SUPPLIED INFORMATION.
==*==
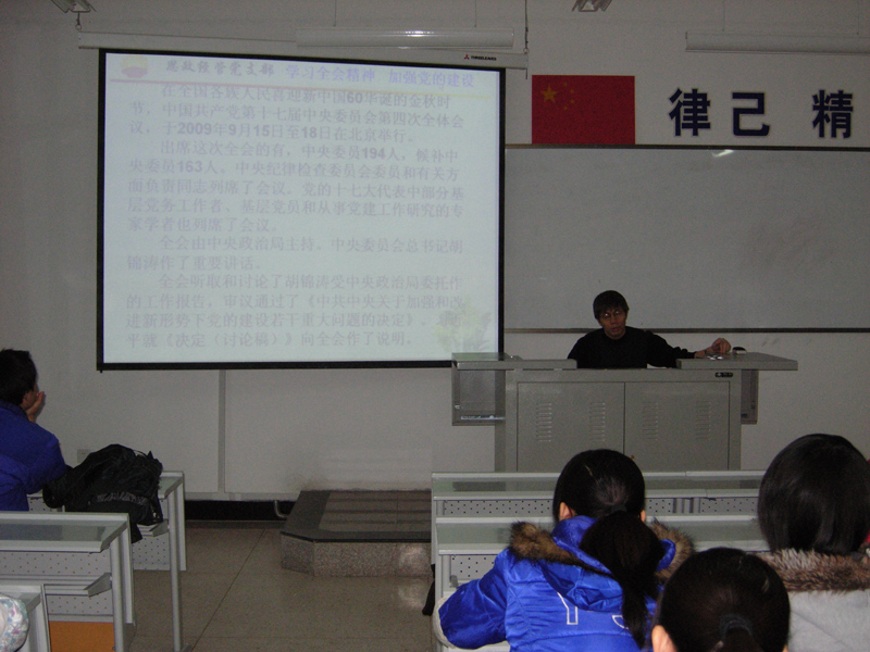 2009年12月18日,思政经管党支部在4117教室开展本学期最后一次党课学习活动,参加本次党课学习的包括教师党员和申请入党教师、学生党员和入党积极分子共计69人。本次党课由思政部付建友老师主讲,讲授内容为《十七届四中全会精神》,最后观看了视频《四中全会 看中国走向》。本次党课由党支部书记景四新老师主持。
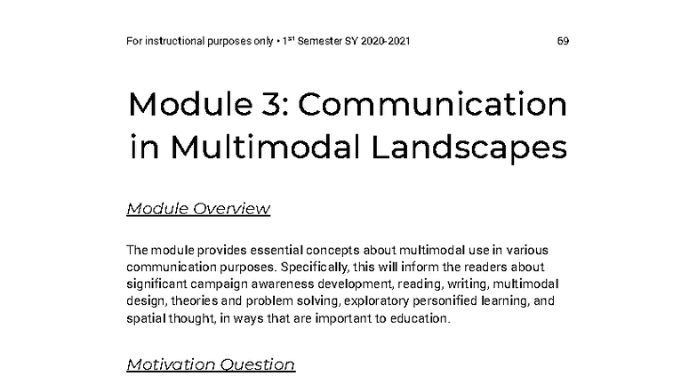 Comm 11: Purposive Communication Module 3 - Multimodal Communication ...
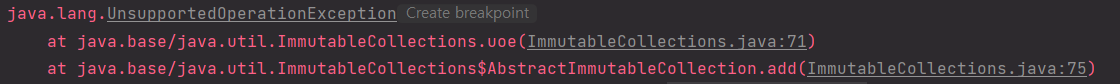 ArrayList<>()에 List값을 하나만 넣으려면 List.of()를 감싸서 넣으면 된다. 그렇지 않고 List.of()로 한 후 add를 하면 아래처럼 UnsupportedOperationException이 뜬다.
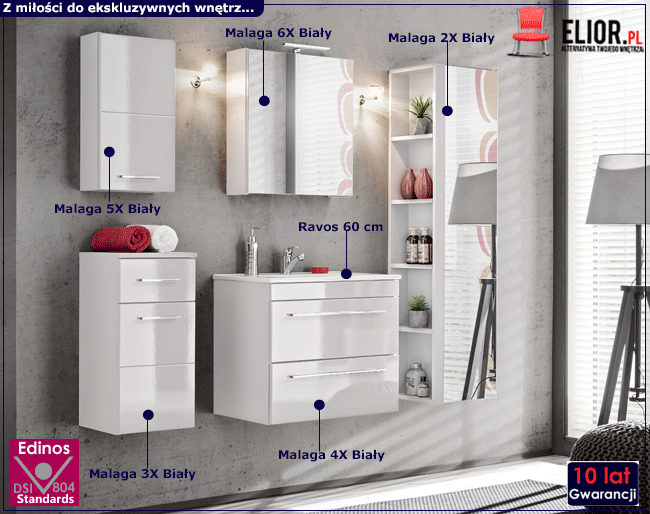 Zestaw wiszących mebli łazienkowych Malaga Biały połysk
==*==
EXERCISE INSTRUCTIONS. Only the lines from the one holding "Comm 11: Purposive" through the end of the data are to be printed, exactly as they stand and with no pictures.

EXPECTED OUTPUT.
 Comm 11: Purposive Communication Module 3 - Multimodal Communication ...
 ArrayList<>()에 List값을 하나만 넣으려면 List.of()를 감싸서 넣으면 된다. 그렇지 않고 List.of()로 한 후 add를 하면 아래처럼 UnsupportedOperationException이 뜬다.
 Zestaw wiszących mebli łazienkowych Malaga Biały połysk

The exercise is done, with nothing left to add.